Feature selection using SelectFromModel
The SelectFromModel class is a meta-transformer that can be used with any estimator that assigns importance to each feature. It selects features based on their importance and removes features below a specified threshold.
from sklearn.ensemble import RandomForestClassifier
from sklearn.datasets import load_iris
from sklearn.feature_selection import SelectFromModel
## Load the Iris dataset
X, y = load_iris(return_X_y=True)
## Initialize RandomForestClassifier as the estimator
estimator = RandomForestClassifier()
## Initialize SelectFromModel with the estimator and threshold of "mean"
selector = SelectFromModel(estimator, threshold="mean")
## Select the best features
X_selected = selector.fit_transform(X, y)
print("Original X shape:", X.shape)
print("X with selected features shape:", X_selected.shape)
print("Selected features:", selector.get_support(indices=True))

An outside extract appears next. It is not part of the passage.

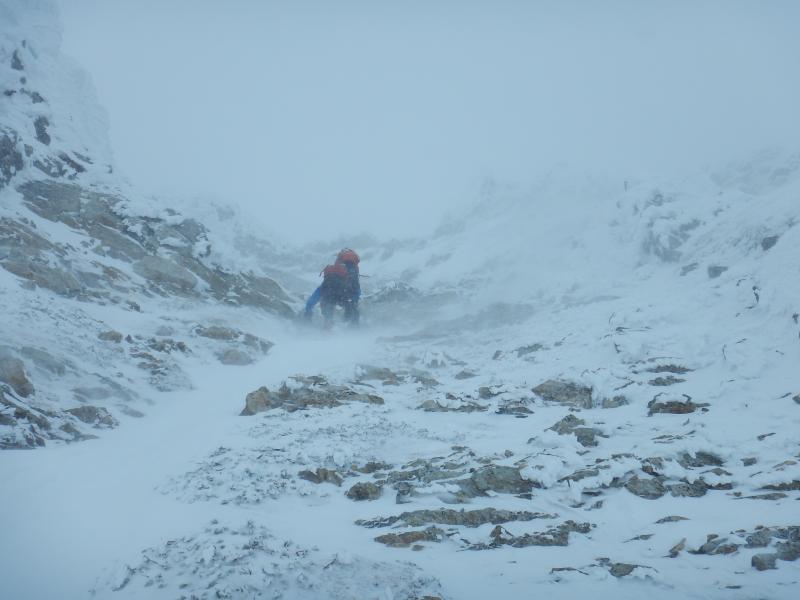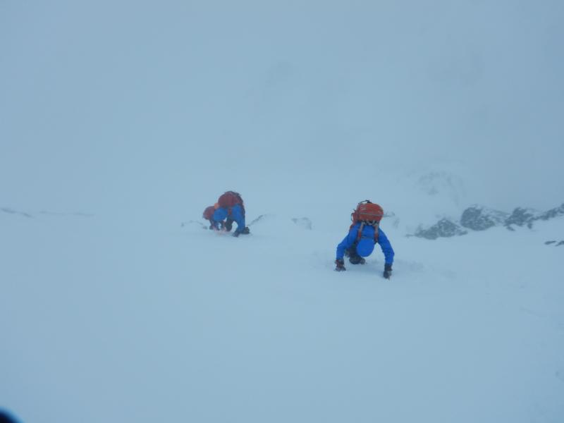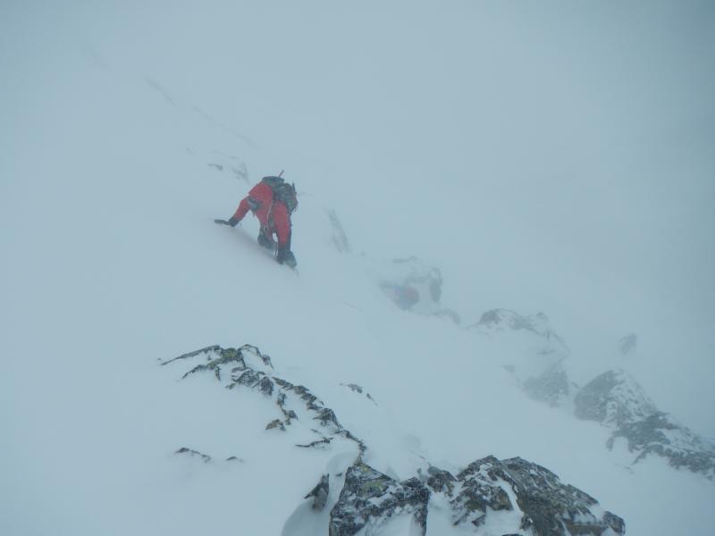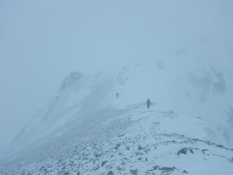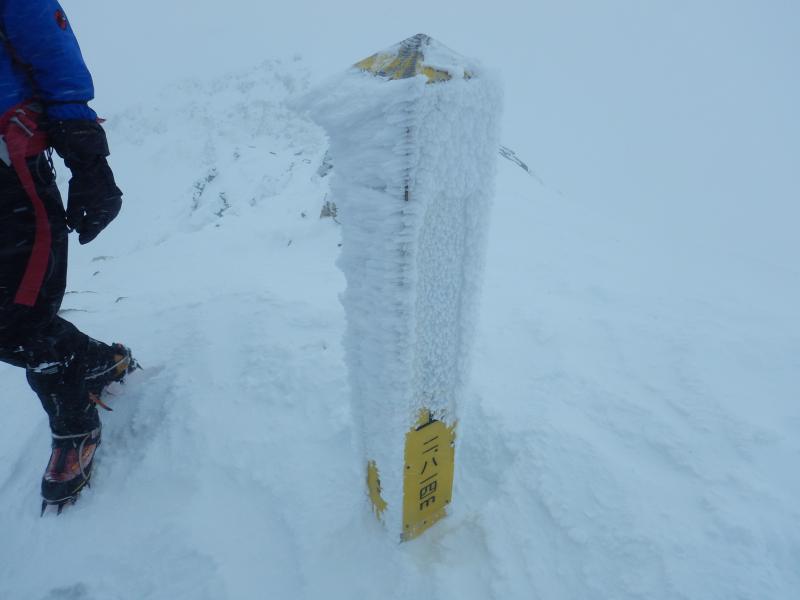五竜山荘から山頂までは、とにかくトラバースです。上に行き過ぎると岩峰で行き詰ります。細かい雪が強風でゴーグルの中にまで入り込み、見えないからとゴーグルを外せばまつ毛が凍り。大変でしたが厳冬期の後立山を満喫できました。

In this example, we use a Random Forest Classifier as the estimator and select features with an importance greater than the mean importance. The output will show the original shape of the dataset and the shape after selecting the best features.
Summary
Feature selection is an essential step in machine learning to improve the accuracy and performance of models. In this lab, we covered various techniques such as removing features with low variance, univariate feature selection, recursive feature elimination, and feature selection using SelectFromModel. These techniques help in selecting the most relevant features and reducing the dimensionality of the dataset, resulting in improved model performance.